ANALISIS KUALITAS IKAN SEMBILANG (Paraplotosus albilabris) ASAP DI KELOMPOK PENGOLAHAN IKAN “MINA MULYA” KECAMATAN PASIR SAKTI LAMPUNG TIMUR
ABSTRACT: The aim of this
research was to find out the quality of smoked whitelipped eel catfish in
difference smoking time at “Mina Mulya” Fish Processing Group, Pulosari
Village, Pasir Sakti, Eastern Distric of Lampung. The reaserch was conducted in four levels
smoking time, which are 1, 2, 3 and 4 hours.

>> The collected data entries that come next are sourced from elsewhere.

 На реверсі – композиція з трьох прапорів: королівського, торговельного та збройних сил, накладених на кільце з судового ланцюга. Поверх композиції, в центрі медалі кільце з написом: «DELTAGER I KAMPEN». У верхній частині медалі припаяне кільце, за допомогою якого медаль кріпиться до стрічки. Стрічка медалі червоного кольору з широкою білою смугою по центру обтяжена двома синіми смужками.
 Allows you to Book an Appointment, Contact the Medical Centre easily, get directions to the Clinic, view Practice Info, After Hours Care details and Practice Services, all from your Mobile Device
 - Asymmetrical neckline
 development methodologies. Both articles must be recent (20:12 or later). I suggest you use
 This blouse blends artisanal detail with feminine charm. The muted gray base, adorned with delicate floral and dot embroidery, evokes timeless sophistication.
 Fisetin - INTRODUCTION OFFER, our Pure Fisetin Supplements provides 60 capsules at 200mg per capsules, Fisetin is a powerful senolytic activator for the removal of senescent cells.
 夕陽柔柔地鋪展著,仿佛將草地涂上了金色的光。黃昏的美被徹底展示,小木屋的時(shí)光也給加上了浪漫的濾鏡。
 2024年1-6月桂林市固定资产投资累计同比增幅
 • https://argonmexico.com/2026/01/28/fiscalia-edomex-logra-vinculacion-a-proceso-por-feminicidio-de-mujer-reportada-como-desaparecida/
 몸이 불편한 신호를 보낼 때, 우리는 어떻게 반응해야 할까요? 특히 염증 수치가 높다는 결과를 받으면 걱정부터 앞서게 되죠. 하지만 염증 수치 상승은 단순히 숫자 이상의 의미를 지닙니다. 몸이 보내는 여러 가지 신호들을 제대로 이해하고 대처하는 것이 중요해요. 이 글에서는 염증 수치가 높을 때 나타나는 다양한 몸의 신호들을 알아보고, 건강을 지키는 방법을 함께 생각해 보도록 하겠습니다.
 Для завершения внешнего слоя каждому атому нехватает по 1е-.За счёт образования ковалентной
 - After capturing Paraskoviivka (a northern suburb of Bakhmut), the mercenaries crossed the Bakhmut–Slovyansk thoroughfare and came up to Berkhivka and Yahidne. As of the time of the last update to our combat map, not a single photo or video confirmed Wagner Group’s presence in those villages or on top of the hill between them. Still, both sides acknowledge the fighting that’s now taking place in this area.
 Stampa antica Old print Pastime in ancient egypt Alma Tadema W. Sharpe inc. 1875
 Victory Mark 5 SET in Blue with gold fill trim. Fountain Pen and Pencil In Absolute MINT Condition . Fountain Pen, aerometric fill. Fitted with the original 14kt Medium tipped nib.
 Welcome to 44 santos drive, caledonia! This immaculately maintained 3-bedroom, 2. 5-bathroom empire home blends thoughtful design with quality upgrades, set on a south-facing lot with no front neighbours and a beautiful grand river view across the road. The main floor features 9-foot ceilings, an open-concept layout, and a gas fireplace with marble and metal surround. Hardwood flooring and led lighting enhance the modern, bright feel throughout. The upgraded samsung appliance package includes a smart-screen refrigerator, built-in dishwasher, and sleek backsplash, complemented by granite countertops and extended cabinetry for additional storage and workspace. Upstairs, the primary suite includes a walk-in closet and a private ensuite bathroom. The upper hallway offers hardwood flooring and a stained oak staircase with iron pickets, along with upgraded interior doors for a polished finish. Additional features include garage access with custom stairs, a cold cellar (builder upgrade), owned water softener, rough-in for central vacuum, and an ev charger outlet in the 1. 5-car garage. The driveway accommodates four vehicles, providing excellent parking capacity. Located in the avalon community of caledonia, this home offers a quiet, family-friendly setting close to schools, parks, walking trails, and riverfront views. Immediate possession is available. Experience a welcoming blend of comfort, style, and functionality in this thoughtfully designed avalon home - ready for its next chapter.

The analysis on smoked whitelipped eel catfish applied
kind of proximate analysis (fat level, protein level,ash level and moisture
level), microbiology analysis (Total Plate Count (TPC), Escherechia coli
bacteria, Salmonella sp. bacteria and Staphylococcus aureus bacteria) and
organoleptic analysis (appearance, odour, flavour and texture). The results of
this research show that the smoking time levels affect the quality of
whitelipped eel catfish. The proximate
analysis result show differences among the treatments especially on the
proximate analysis. Organoleptic
analysis shows that on appearance parameter, only whitelipped eel catfish that
are smoked for 3 hours fulfill the minimum value (7,0). Whereas organoleptic
values for odour, flavour and texture parameter show that only whitelipped eel
catfish that are smoked for 1 hour that does not fulfill the minimum
value. Microbiology analysis shows that
the content of TPC and Escherechia coli bacteria smoked fish get under the
maximum value of tolerance arrenged on SNI in each treatment. The content of Salmonella sp. and
Staphyococcus aureus bacteria are negative on the whole treatments.